(REQUIREMENT)
Word for word, repeat the data that follows. Do not include the pictures.

(SUPPLIED MATERIAL)
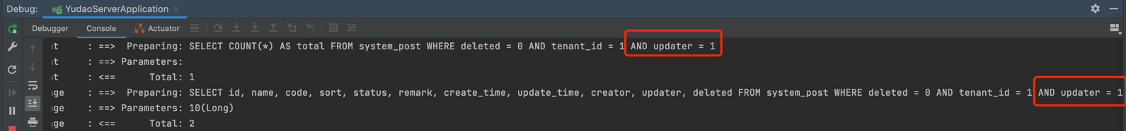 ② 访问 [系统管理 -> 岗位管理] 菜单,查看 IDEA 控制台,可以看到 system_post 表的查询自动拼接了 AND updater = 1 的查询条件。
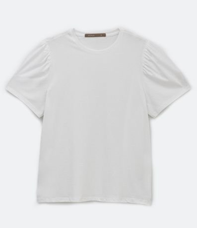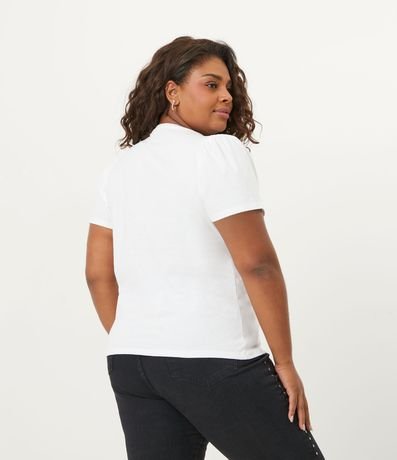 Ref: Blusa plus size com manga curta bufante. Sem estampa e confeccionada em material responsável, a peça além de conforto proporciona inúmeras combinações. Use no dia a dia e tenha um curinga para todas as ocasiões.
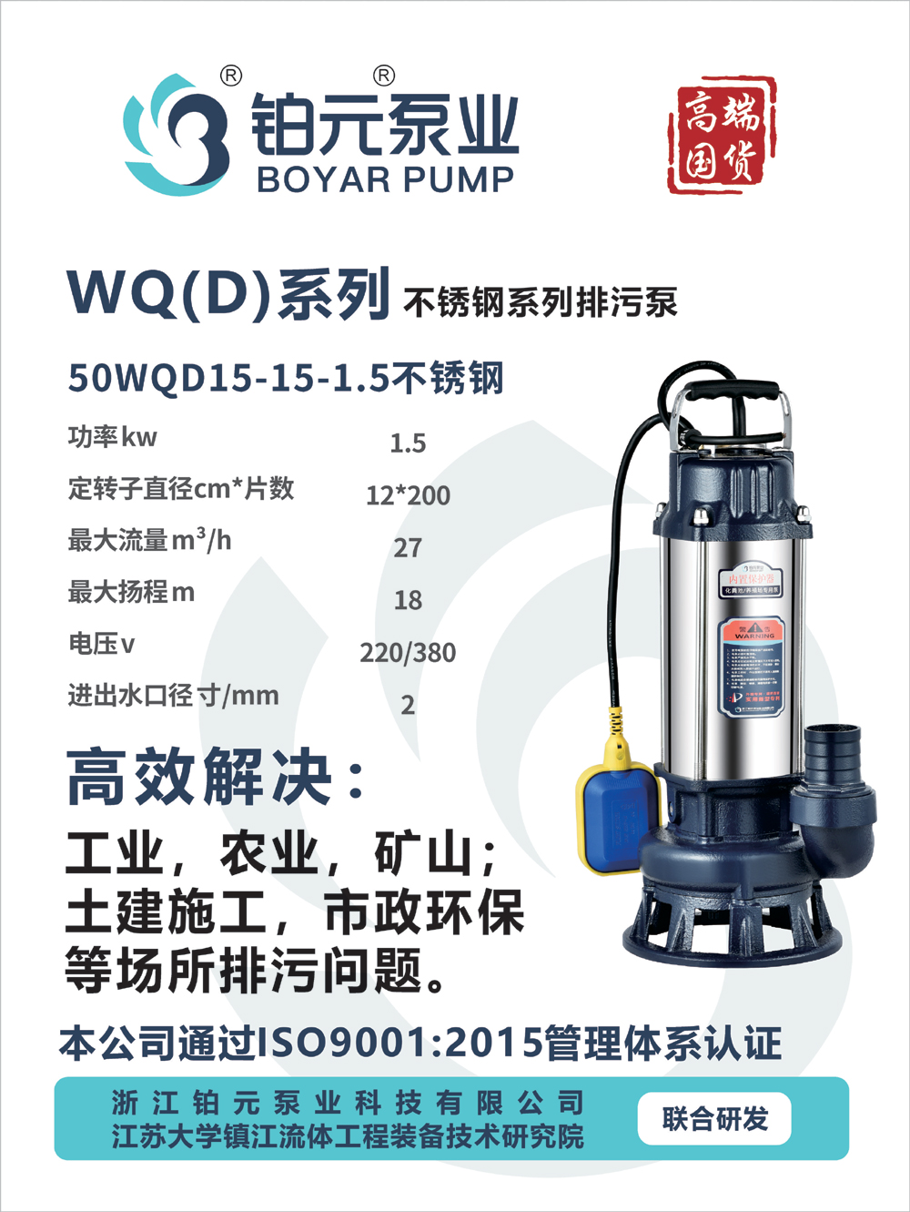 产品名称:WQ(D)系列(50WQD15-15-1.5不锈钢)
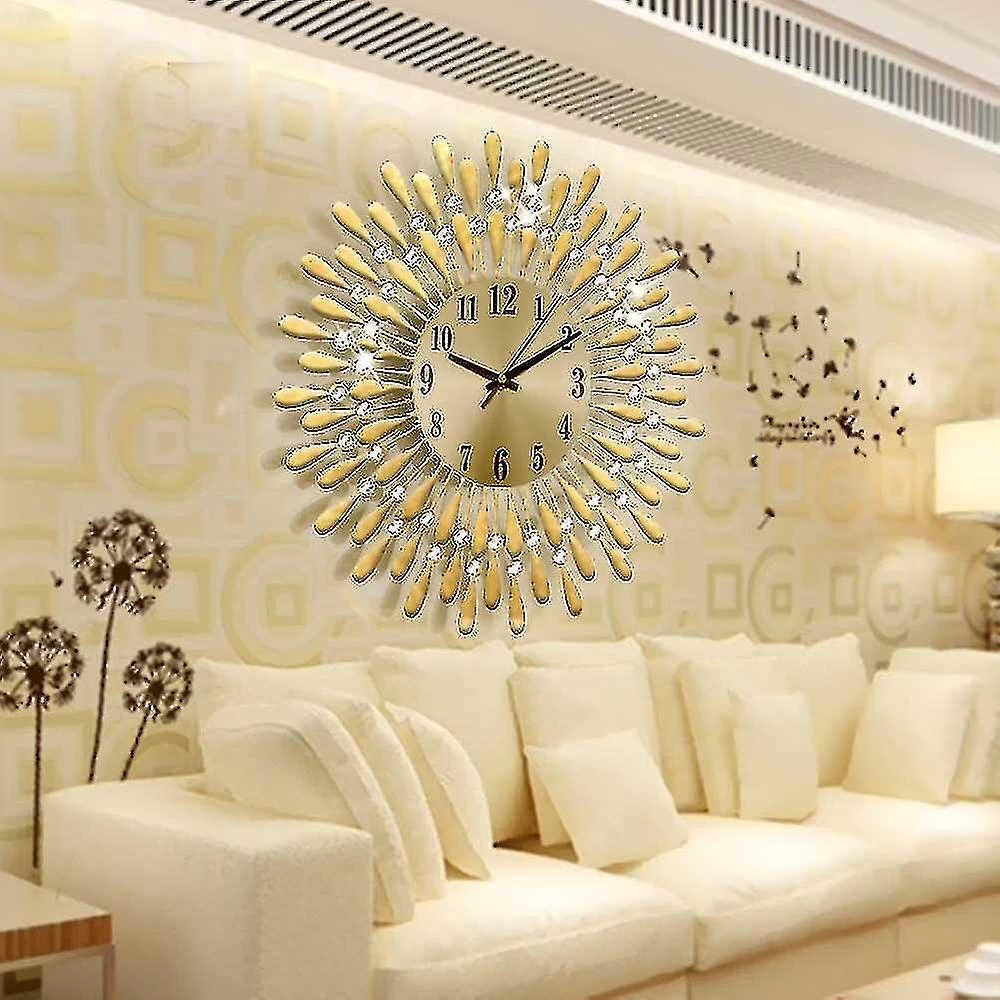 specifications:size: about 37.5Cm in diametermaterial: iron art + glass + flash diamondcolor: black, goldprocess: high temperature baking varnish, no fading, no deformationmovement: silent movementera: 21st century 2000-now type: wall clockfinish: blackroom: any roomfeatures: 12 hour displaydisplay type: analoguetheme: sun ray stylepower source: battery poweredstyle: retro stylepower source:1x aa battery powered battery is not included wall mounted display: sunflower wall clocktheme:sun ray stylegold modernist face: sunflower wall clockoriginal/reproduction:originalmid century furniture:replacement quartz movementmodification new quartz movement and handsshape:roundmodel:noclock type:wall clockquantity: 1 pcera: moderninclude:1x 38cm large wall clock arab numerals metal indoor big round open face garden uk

(EXERCISE ANSWER)
 ② 访问 [系统管理 -> 岗位管理] 菜单,查看 IDEA 控制台,可以看到 system_post 表的查询自动拼接了 AND updater = 1 的查询条件。
 Ref: Blusa plus size com manga curta bufante. Sem estampa e confeccionada em material responsável, a peça além de conforto proporciona inúmeras combinações. Use no dia a dia e tenha um curinga para todas as ocasiões.
 产品名称:WQ(D)系列(50WQD15-15-1.5不锈钢)
 specifications:size: about 37.5Cm in diametermaterial: iron art + glass + flash diamondcolor: black, goldprocess: high temperature baking varnish, no fading, no deformationmovement: silent movementera: 21st century 2000-now type: wall clockfinish: blackroom: any roomfeatures: 12 hour displaydisplay type: analoguetheme: sun ray stylepower source: battery poweredstyle: retro stylepower source:1x aa battery powered battery is not included wall mounted display: sunflower wall clocktheme:sun ray stylegold modernist face: sunflower wall clockoriginal/reproduction:originalmid century furniture:replacement quartz movementmodification new quartz movement and handsshape:roundmodel:noclock type:wall clockquantity: 1 pcera: moderninclude:1x 38cm large wall clock arab numerals metal indoor big round open face garden uk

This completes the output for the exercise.